The Tarikh al-fattash is a West African chronicle written in Arabic in the second half of the 17th century. It provides an account of the Songhay Empire from the reign of Sonni Ali (ruled 1464-1492) up to 1599 with a few references to events in the following century. The chronicle also mentions the earlier Mali Empire.
It and the Tarikh al-Sudan, another 17th century chronicle giving a history of Songhay, are together known as the Timbuktu Chronicles.

The French scholars Octave Houdas and Maurice Delafosse published a critical edition in 1913. It has been argued that this edition conflates the text from an early incomplete manuscript with that of a re-written forgery produced early in the 19th century.
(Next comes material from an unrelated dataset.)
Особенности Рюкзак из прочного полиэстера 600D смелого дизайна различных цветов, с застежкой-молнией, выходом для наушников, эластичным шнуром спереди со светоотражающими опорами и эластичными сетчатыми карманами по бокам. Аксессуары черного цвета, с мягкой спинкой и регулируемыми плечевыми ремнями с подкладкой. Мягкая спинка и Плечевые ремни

The Tarikh was originally believed to have been written by Mahmud Kati but this has been questioned and Ibn al-Mukhtar, a grandson of Mahmud Kati, is now believed to have been the author.

Discovery and publication
During his visit to Timbuktu in 1895 the French journalist Félix Dubois learnt of the chronicle but was unable to obtain a copy. Most copies of the manuscript had been destroyed early in the 19th century by the order of the Fula leader Seku Amadu, but in 1911 an old manuscript was located in Timbuktu that was missing some of the initial pages. A copy was made and sent to the Bibliothèque Nationale in Paris (MS No. 6651). The original Timbuktu version is designated as Manuscript A while the copy is Manuscript B. A year later a seemingly complete manuscript was located in Kayes. A copy of this manuscript, which includes the name of an author, Mahmud Kati, is designated as Manuscript C. As well as the initial chapter, Manuscript C contains various additions and deletions compared to Manuscript A.
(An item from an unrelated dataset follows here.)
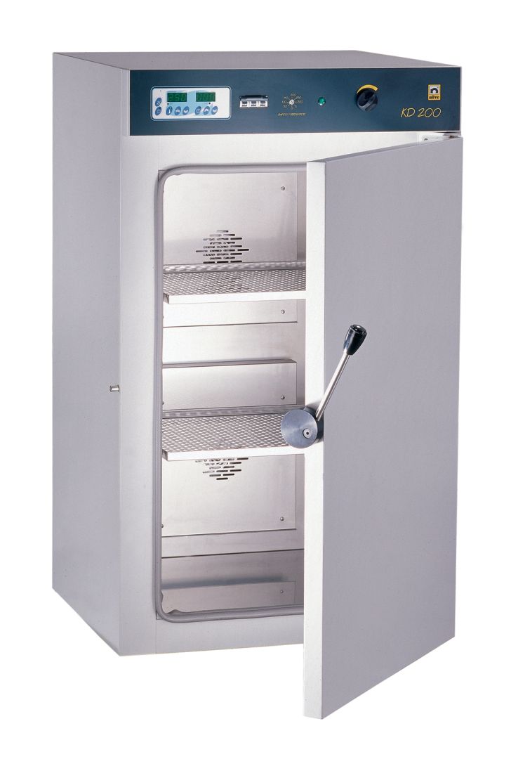KD 200 és 400 típus: nagyméretű, 193 és 375 literes szárítószekrények mikroproceszszoros (PID) vezérléssel, felhasználóbarát kezelőfelülettel és digitális kijelzővel.

After Octave Houdas and Maurice Delafosse had completed a translation of the Tarikh al-fattash they received a further manuscript that had been acquired by the French traveller Albert Bonnel de Mézières in Timbuktu in September 1913. The preface of this anonymous 24-page document announced that it was written at the request of Askiya Darwud b. Harun. He is known to have reigned in Timbuktu between 1657 and 1669. The text of the manuscript is closely related to the Tarikh al-fattash and presents similar material in a similar order. It includes an introduction which differs from that in Manuscript C, followed by text that is either identical to Manuscript A or is an abridged version of that contained in Manuscript A, missing many of the details.
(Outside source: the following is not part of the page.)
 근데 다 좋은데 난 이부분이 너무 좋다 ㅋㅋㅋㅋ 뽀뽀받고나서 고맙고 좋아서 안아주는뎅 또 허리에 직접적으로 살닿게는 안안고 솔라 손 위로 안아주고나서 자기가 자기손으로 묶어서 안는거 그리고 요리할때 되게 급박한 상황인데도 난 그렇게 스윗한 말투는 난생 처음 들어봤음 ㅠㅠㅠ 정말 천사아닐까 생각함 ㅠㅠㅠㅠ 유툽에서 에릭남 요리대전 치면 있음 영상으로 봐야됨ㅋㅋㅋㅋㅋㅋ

In 1913 Houdas and Delafosse published a critical edition of the Arabic text of the Tarikh al-fattash together with a translation into French. In the volume containing the French translation they included, as Appendix 2, a translation into French of the unique portions of the 24 page manuscript. However, the corresponding Arabic text was not included in the volume containing the Arabic text of the other manuscripts.

Difficulties with the text
There are some obvious problems with the text published by Houdas and Delafosse. The biographical information for Mahmud Kati (in Manuscript C only) suggests that he was born in 1468, while the other important 17th century chronicle, the Tarikh al-Sudan, gives the year of his death (or someone with the same name) as 1593. This would correspond to an age of 125 years. In addition, there are prophecies made in the initial chapter (Manuscript C only) concerning the coming of the last of the twelve caliphs predicted by Muhammad. He will be Ahmad of the (Fulani) Sangare tribe in Massina. Seku Amadu belonged to this tribe and thus the prophecy was fulfilled.

In 1971 the historian Nehemia Levtzion published an article in which he argued that Manuscript C was a forgery produced during the time of Seku Amadu in the first quarter of the 19th century. He suggested that the real author of the manuscript (Manuscript A) was Ibn al-Mukhtar, a grandson of Mahmud Kati and that the chronicle was probably written soon after 1664.

Levtzion also suggested that the text included as Appendix 2 of the French translation might correspond to an earlier version of Manuscript A, before the manuscript was expanded by members of the Kati family. Unfortunately the modern study of the Tarikh al-fattash is handicapped by the disappearance of the Arabic manuscript corresponding to Appendix 2 of the French translation.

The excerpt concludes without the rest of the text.